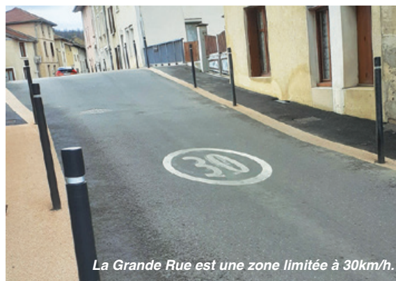
La Grande Rue est une zone limitée à 30km/h.
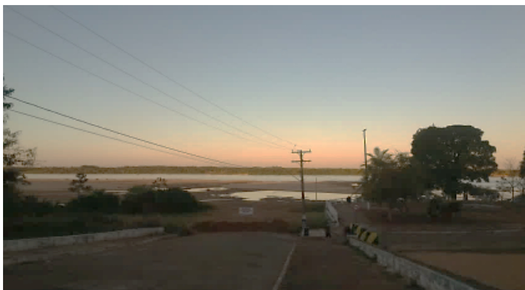
Figura 3: Primeiro Domingo de Julho (época do veraneio em outros anos) em Plena Pandemia.
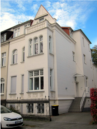
Wohnhaus Coburger Straße 2 in Bonn (2014)

### What you are asked to do
Only the lines from the line holding "Figura 3: Primeiro" through the last line above belong in the answer, repeated exactly; the pictures do not.

### Result below
Figura 3: Primeiro Domingo de Julho (época do veraneio em outros anos) em Plena Pandemia.
Wohnhaus Coburger Straße 2 in Bonn (2014)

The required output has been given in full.